Question:
Referring to the Wikipedia article on Adjoint Functors in Section 2 (Motivation), they talk about "turning rngs into rings" (can be rephrased as "constructing rings from rngs"). I do not quite understand how this "turning" of algebraic structures into new algebraic structures is done. Which brings up my main question: knowing this method of turning structures into new structures, can we do the same with turning preordered sets into preordered monoids? Can we do the same with turning either structure into preordered free monoids?
Background:
Definition (Preordered Monoid). A quadruple $\mathcal{X}=(X,\sqsubseteq,\cdot,e)$ such that
- $\sqsubseteq$ preorders $X$,
- $(X,\cdot,e)$ is a monoid,
- for all $x\in X, \ e\sqsubseteq x$, and
- (for all $w,x,y,z\in X$) if $w\sqsubseteq x$ and $y\sqsubseteq x$, then $w\cdot y\sqsubseteq x\cdot z$.

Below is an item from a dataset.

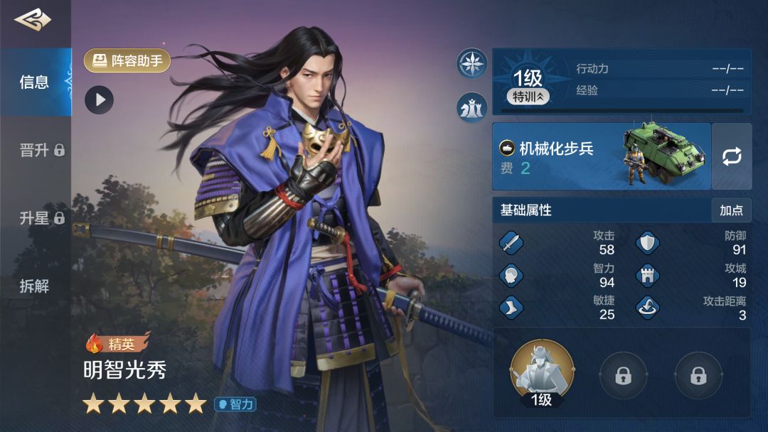 战斗思路:这队技能发动可以做到明智光秀一个技能击杀敌方统帅,但是容错极低。这队非常怕控制,虽然明智光秀有一定韧性,但是被控基本就输了,并且现在秦始皇都带先发,明智光秀敏捷不如秦始皇,容易被秦始皇控制导致容易翻车。建议专挑物理队、追击队、肉队打,第一回合放出技能基本就是秒杀。汉武帝和贞德可以只带100兵,明智光秀带满兵。
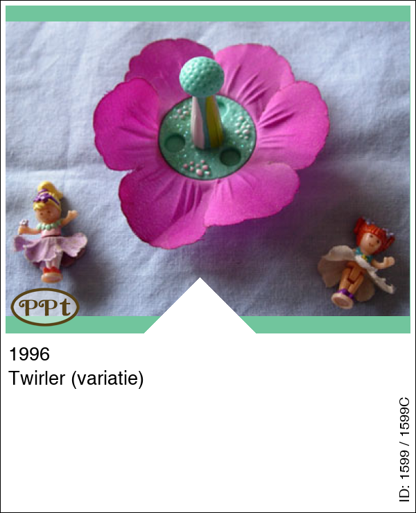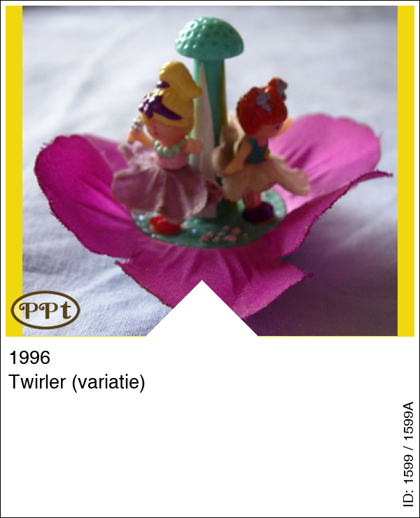 Twirler (variatie)Update: 16-11-2024 Dit is een draaimolentje in de vorm van een bloem en hier kunnen 3 poppetjes op staan. Met Polly en haar vriendin Iris.

In general it is not possible to extend a given preorder $(X, \sqsubseteq)$ to a preordered monoid $(X, \sqsubseteq, \cdot, e)$:
Consider any preorder $(X, \sqsubseteq)$ such that for all $x \in X$ there is some $y \in X$ with $y \sqsubseteq x$ and $x \not \sqsubseteq y$. [For example $(\mathbb Z, \le)$]. Then there is no $e \in X$ such that $e \sqsubseteq x$ for all $x \in X$ and therefore, $(X, \sqsubseteq)$ cannot be extended to a preordered monoid $(X, \sqsubseteq, \cdot, e)$ without changing $\sqsubseteq$.
On the other hand, if $(X, \sqsubseteq)$ contains an element $e \in X$ such that $e \sqsubseteq x$ for all $x \in X$, we may let $\cdot \colon X \times X \to X, x \mapsto e$ be the trivial multiplication which yields a preordered monoid $(X, \sqsubseteq, \cdot, e)$ as desired.
I'm not sure what you mean by a free preorderd monoid in this setting, but if you provide your definition, I might be able to add an answer to that last part of your question as well.